For farmers and ranchers, this means examining the fingerprints on a landscape to understand past or present practices. Establishing a baseline in three main areas is a good starting point: carbon soil levels, vegetation health and water penetration rates.
Carbon is the currency of life when stored in the ground, but becomes the opposite when released in our atmosphere. The good news is the regenerative practices we’re describing are intended to maximize pulling carbon from the air and putting it into our soils through sequestration. Doing so reverses the trend of constantly taking from the landscape, to giving back nutrients. Throughout the day we discussed how this is accomplished by using organic compost fertilizers, moving away from annual crops that require tilling (thus releasing carbon) and rotational grazing practices to prevent land desertification and compaction.
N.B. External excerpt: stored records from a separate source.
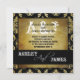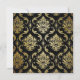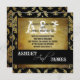 Rustikales Hochzeitsempfang mit schwarzem Damast und Monogramm auf einem Vintagen Teefleckpapier-Foto-Effekt.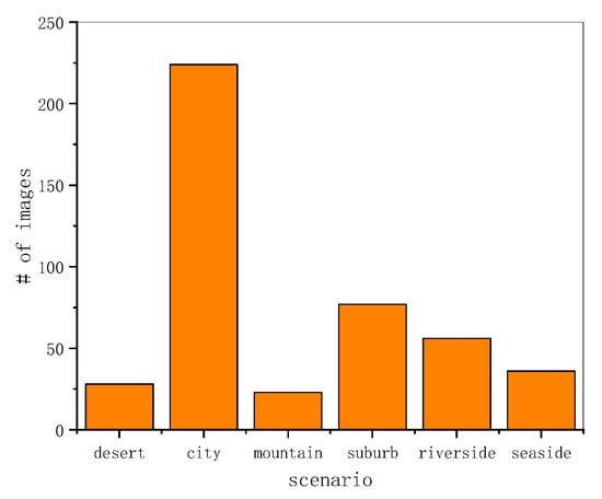 The statistical histogram of the VSAI scene distribution is shown in Figure 9. It is obvious that the urban scenario accounts for half of the VSAI dataset. The other five scenarios make up the other half. The histogram of the VSAI scene distribution exhibits the complexities of the VSAI dataset.
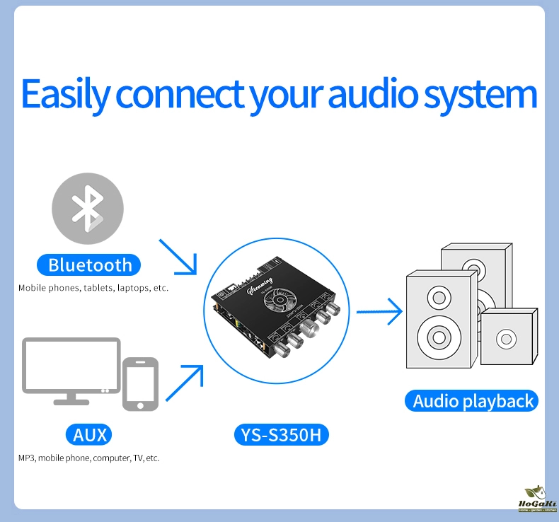 Compared with other amplifier processes YS-S350H TPA3251 has a higherchip area. It also reduces crosstalk and improves sound quality.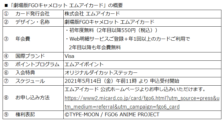 株式会社三越伊勢丹ホールディングス(本社:東京都新宿区、代表執行役社長 CEO:細谷 敏幸)の子会社である、株式会社 エムアイカード(本社:東京都中央区、代表取締役社長執行役員:梅田 貴生)は、株式会社アニプレックス(本社:東京都千代田区、代表取締役:岩上 敦宏)とクレジットカードの発行について提携し、『劇場版Fate/Grand Order-神聖円卓領域キャメロット-後編』の公開を記念して「劇場版FGOキャメロット エムアイカード」の申込受付を2021年5月14日(金)より開始いたします。

Beyond carbon soil analysis, I learned that the Brix test is a good assessment of vegetation or crop’s sugar levels. Essentially a gauge for photosynthesis, it’s a window into a landscape’s nutrient distribution. Hint: be sure the Brix reading for your weeds is not higher then the crop! If it is, manage to benefit the crop by adding the organic compost that fulfills the soils nutrient deficiency, thus ‘weeding-out’ the weeds. It’s estimated for every 1% increase in Brix, livestock gains .01lbs, so there’s a direct correlation between vegetation health, animal health and the bottom-line. Nicole’s TED Talk describes the science and application in-depth.
Water is another crucial input. Nicole made the obvious but commonly overlooked point that, without healthy soil, water cannot penetrate the ground. Compacted soils don’t absorb rainfall, leading to runoff. Increasing soil carbon by 1% equates to thousands of gallons of increased water absorption, which pencils-out to around $2,000/ acre in monetary gains due to crop yields. When it rains several inches, we want the land to get all of it!
In the end, attendees were invited to consider how best to work WITH nature, not against it. We were encouraged to shift away from a mindset of managing for what we DON’T want, to managing for what we DO want. This means not overusing synthetic pesticides and fertilizers to suppress weeds and stimulate growth, but instead test the soil for what’s needed and add those nutrients to optimize crop health.
Even if most of us aren’t farmers and ranchers, we as consumers have an important role too. Be informed and support those leading best practices in food system stewardship. With a few more dollars, we’re paying to nurture our natural environment and ourselves. Where would we be if everyone contributed to leaving our landscapes better then we found them? The workshop brought into focus the exponential benefits we would all garner, and the need for systemic investment in this natural resource. The butterfly effect . . .
Thanks to Nicole for taking soil from being merely underfoot, to top of mind.